## Work order
Give again, word for word, every line below from the one that has "Marion Emmons and" through the one that has "To demonstrate some", both included, and no others.

## Provided records
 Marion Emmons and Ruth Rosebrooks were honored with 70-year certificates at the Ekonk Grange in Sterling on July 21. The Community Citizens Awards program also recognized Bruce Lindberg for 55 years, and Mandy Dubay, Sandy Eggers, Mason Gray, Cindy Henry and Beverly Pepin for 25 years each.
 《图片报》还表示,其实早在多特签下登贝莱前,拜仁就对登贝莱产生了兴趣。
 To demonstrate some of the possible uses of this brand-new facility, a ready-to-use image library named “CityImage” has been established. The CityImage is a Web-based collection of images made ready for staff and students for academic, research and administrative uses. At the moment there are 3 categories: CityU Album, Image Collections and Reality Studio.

==

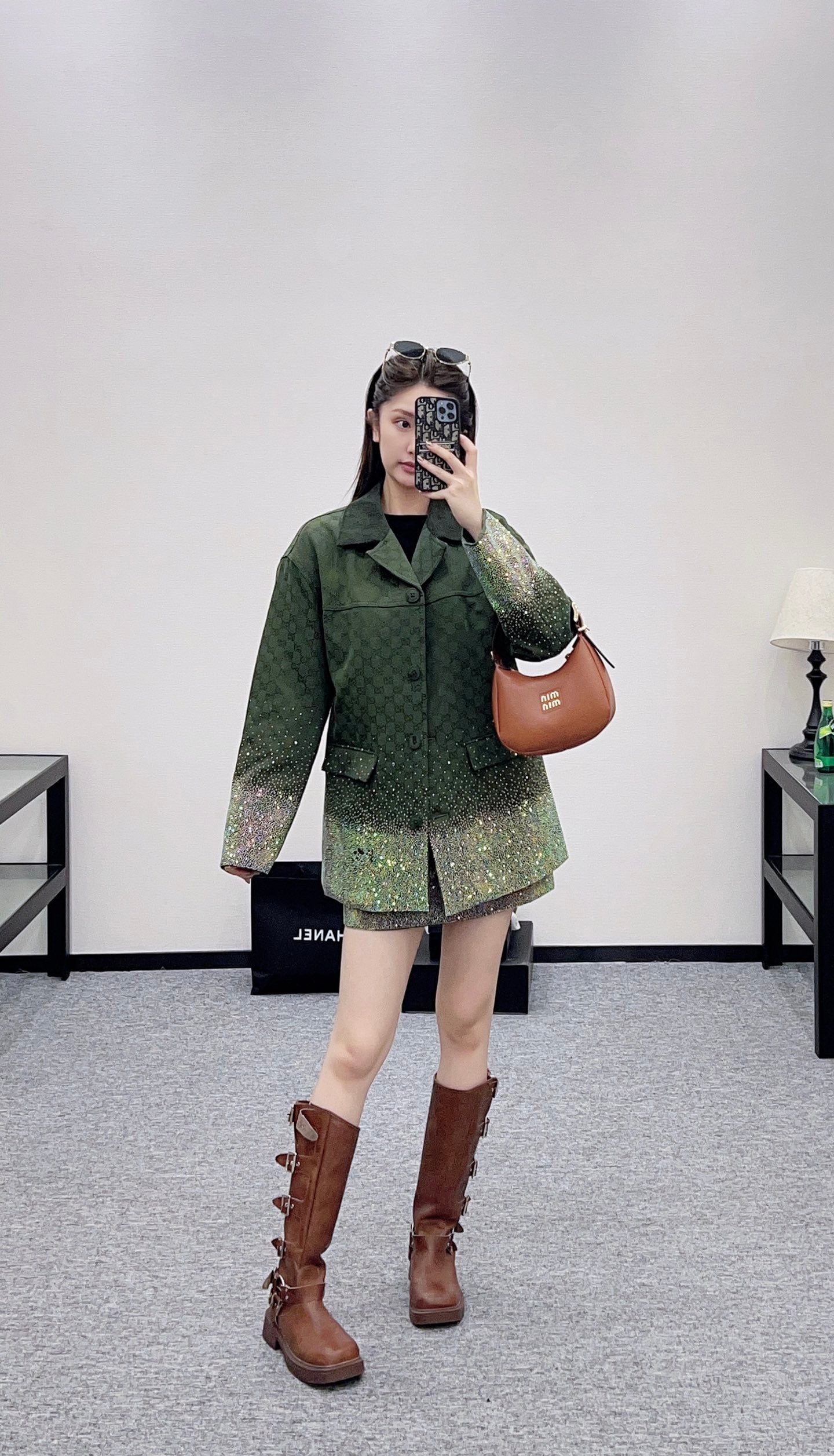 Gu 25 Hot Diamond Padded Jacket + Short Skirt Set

==

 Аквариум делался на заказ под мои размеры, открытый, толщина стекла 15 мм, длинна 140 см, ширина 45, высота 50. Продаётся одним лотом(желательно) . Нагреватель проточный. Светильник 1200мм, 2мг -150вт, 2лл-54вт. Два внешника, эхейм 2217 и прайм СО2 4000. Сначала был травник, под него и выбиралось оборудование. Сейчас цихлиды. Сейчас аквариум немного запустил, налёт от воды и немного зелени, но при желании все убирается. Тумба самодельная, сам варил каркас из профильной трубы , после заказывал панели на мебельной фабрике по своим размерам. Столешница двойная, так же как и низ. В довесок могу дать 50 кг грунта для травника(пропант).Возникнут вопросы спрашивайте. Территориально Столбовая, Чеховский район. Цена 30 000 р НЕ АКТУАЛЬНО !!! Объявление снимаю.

## Output for this task
 Marion Emmons and Ruth Rosebrooks were honored with 70-year certificates at the Ekonk Grange in Sterling on July 21. The Community Citizens Awards program also recognized Bruce Lindberg for 55 years, and Mandy Dubay, Sandy Eggers, Mason Gray, Cindy Henry and Beverly Pepin for 25 years each.
 《图片报》还表示,其实早在多特签下登贝莱前,拜仁就对登贝莱产生了兴趣。
 To demonstrate some of the possible uses of this brand-new facility, a ready-to-use image library named “CityImage” has been established. The CityImage is a Web-based collection of images made ready for staff and students for academic, research and administrative uses. At the moment there are 3 categories: CityU Album, Image Collections and Reality Studio.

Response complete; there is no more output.